● **Work instruction**
Look below for the line that contains "據國家企業信用信息公示系統顯" and the line that contains "The software to", then restate both of them and every line in between, exactly. No picture goes in the copy.

● **Records provided**
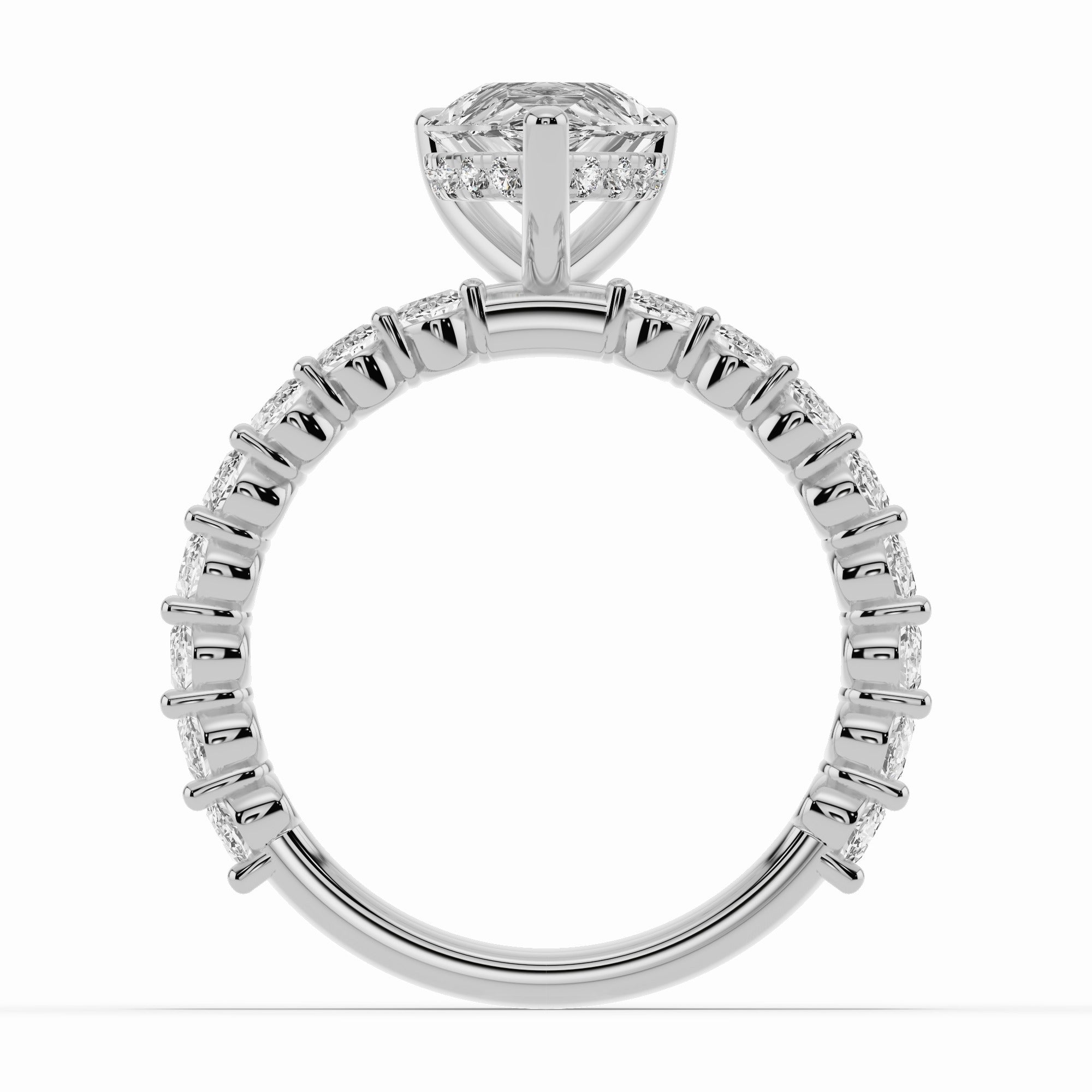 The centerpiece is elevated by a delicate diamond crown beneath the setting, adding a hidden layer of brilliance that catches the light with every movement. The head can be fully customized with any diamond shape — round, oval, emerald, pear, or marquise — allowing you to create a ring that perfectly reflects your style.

...

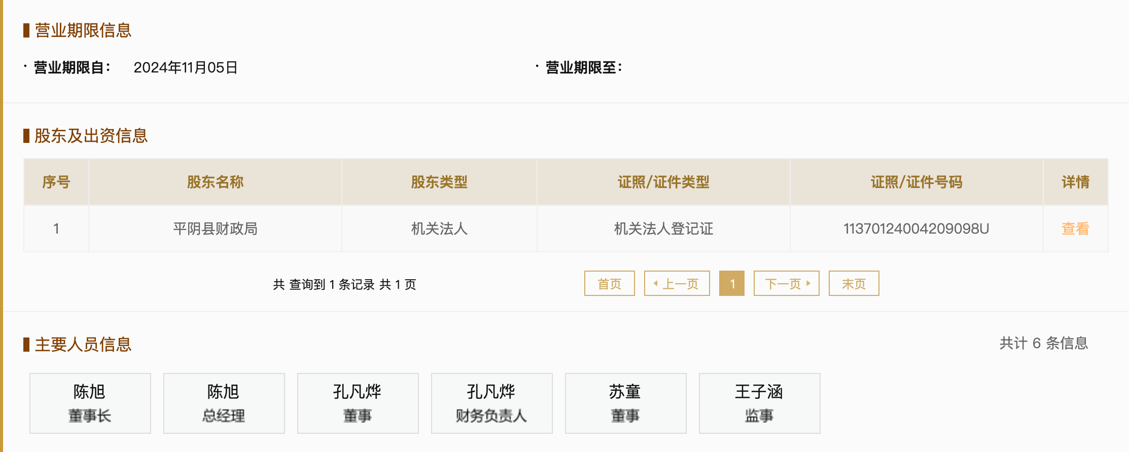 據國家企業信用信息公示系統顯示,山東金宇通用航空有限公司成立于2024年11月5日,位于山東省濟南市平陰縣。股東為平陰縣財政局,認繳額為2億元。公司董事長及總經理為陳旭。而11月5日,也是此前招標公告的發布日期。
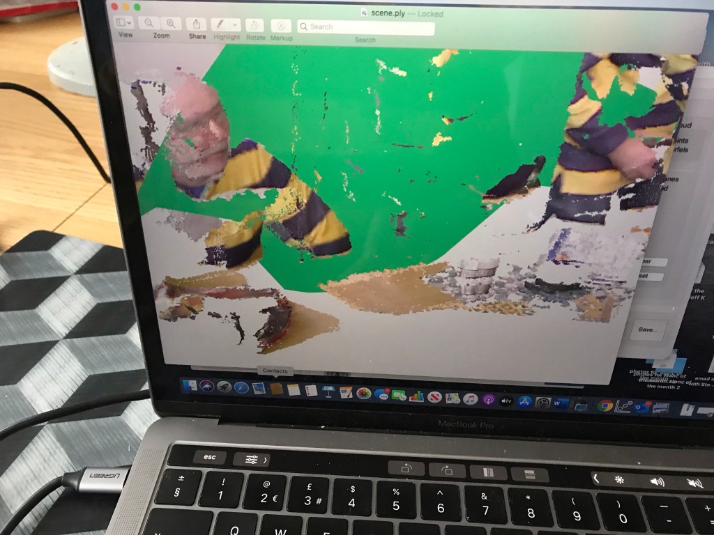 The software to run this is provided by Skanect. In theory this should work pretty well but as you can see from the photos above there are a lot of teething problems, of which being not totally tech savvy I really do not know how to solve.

● **Solution to this task**
 據國家企業信用信息公示系統顯示,山東金宇通用航空有限公司成立于2024年11月5日,位于山東省濟南市平陰縣。股東為平陰縣財政局,認繳額為2億元。公司董事長及總經理為陳旭。而11月5日,也是此前招標公告的發布日期。
 The software to run this is provided by Skanect. In theory this should work pretty well but as you can see from the photos above there are a lot of teething problems, of which being not totally tech savvy I really do not know how to solve.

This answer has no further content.